Note

This is a community plugin, an external project maintained by its respective author. Community plugins are not part of FiftyOne core and may change independently. Please review each plugin’s documentation and license before use.

GitHub Repo

video2dataset (@parva101/video2dataset)#

CI License: Apache-2.0 FiftyOne Plugin

Demo#

YouTube -> Dataset#

video2dataset YouTube flow (FiftyOne App)

Local Video -> Dataset#

video2dataset local video flow (FiftyOne App)

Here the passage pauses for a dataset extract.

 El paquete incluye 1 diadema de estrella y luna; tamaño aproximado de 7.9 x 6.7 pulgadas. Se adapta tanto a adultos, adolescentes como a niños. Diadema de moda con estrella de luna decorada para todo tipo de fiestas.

A production-ready FiftyOne Python plugin that converts YouTube URLs or local video files into image datasets by extracting representative keyframes.

Features#

  • YouTube ingest via yt-dlp

  • Local video ingest

  • Three frame selection strategies:

  • uniform (every N seconds)

  • scene_change (histogram-based scene detection)

  • hybrid (uniform + scene change)

  • Optional perceptual hash deduplication (pHash)

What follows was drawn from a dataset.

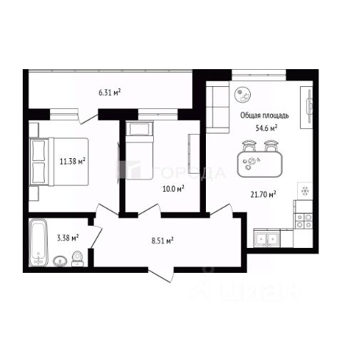 • ✅ Минимальная площадь: 26,3 м²

  • Automatic dataset creation + open in FiftyOne App

  • Source metadata attached to samples and dataset info

Operators#

  • sample_from_youtube

  • sample_from_video

Requirements#

  • Python 3.10+

  • FiftyOne (latest stable recommended)

  • Python packages in requirements.txt

  • ffmpeg on PATH (recommended)

Install dependencies:

pip install -r requirements.txt

Installation#

Install from GitHub:

fiftyone plugins download https://github.com/Parva101/video2dataset

Install only this plugin:

fiftyone plugins download https://github.com/Parva101/video2dataset --plugin-names @parva101/video2dataset

Verify install:

fiftyone plugins list
fiftyone operators list

Usage#

  1. Launch FiftyOne App

  2. Open Operator Browser

  3. Run:

  • Video Sampler: YouTube to dataset, or

  • Video Sampler: local video to dataset

  1. Configure:

  • dataset_name (required)

  • strategy: uniform | scene_change | hybrid

  • max_frames

  • interval_seconds

  • scene_threshold (0 to 1)

  • dedup and dedup_threshold

  • overwrite_dataset

  • output_dir (optional)

Output schema#

Sample fields:

  • filepath

  • source_type

  • sampling_strategy

  • timestamp_sec

  • frame_number

Additional YouTube fields:

  • source_url

  • video_id

  • title

  • duration_sec

  • uploader

Dataset info fields:

  • source_type

  • source_metadata

  • extraction_info

Development#

pip install -r requirements.txt
pip install -r requirements-dev.txt
pytest
ruff check .

Troubleshooting#

  • If YouTube download fails, verify the URL is public and update yt-dlp

  • If no frames are selected, lower scene_threshold or interval_seconds

  • If dedup removes everything, lower dedup_threshold or disable dedup

  • If dataset exists, enable overwrite_dataset or use a different name

Contributing#

See CONTRIBUTING.md.

Security#

Report vulnerabilities via SECURITY.md.

Changelog#

See CHANGELOG.md.

License#

Licensed under Apache-2.0. See LICENSE.